Exercise brief: Should an entry include a picture, omit the picture and still repeat everything else exactly.

Records for this task:
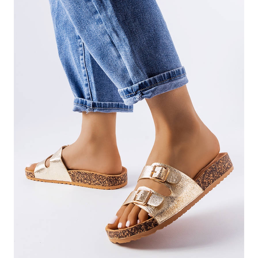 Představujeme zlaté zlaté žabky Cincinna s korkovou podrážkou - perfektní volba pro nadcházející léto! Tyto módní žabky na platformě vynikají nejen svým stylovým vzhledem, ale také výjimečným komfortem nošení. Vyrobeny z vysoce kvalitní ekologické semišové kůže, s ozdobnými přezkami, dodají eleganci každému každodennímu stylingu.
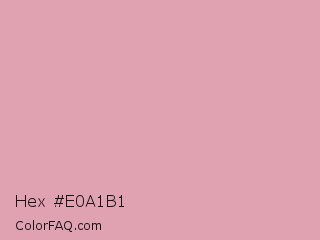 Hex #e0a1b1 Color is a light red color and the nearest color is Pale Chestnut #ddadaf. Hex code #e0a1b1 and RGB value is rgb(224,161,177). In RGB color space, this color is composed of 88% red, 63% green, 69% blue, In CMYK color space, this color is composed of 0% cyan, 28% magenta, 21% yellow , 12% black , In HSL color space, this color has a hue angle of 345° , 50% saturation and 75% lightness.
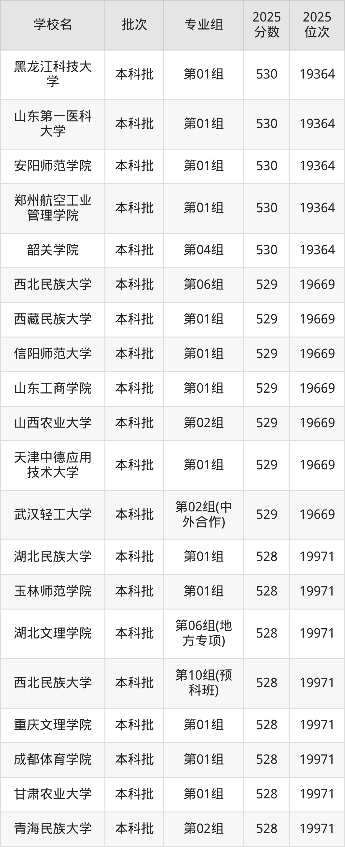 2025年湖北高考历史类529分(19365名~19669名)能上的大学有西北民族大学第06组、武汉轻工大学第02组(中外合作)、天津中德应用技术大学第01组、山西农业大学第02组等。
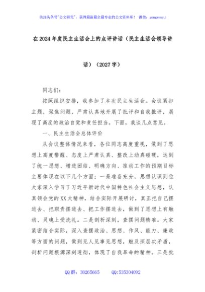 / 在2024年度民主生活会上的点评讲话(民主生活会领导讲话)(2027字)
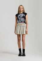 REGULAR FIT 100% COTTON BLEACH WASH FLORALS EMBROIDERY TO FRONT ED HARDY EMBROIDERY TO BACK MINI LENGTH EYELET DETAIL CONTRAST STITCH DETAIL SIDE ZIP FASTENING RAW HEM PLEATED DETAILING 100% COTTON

Expected output:
 Představujeme zlaté zlaté žabky Cincinna s korkovou podrážkou - perfektní volba pro nadcházející léto! Tyto módní žabky na platformě vynikají nejen svým stylovým vzhledem, ale také výjimečným komfortem nošení. Vyrobeny z vysoce kvalitní ekologické semišové kůže, s ozdobnými přezkami, dodají eleganci každému každodennímu stylingu.
 Hex #e0a1b1 Color is a light red color and the nearest color is Pale Chestnut #ddadaf. Hex code #e0a1b1 and RGB value is rgb(224,161,177). In RGB color space, this color is composed of 88% red, 63% green, 69% blue, In CMYK color space, this color is composed of 0% cyan, 28% magenta, 21% yellow , 12% black , In HSL color space, this color has a hue angle of 345° , 50% saturation and 75% lightness.
 2025年湖北高考历史类529分(19365名~19669名)能上的大学有西北民族大学第06组、武汉轻工大学第02组(中外合作)、天津中德应用技术大学第01组、山西农业大学第02组等。
 / 在2024年度民主生活会上的点评讲话(民主生活会领导讲话)(2027字)
 REGULAR FIT 100% COTTON BLEACH WASH FLORALS EMBROIDERY TO FRONT ED HARDY EMBROIDERY TO BACK MINI LENGTH EYELET DETAIL CONTRAST STITCH DETAIL SIDE ZIP FASTENING RAW HEM PLEATED DETAILING 100% COTTON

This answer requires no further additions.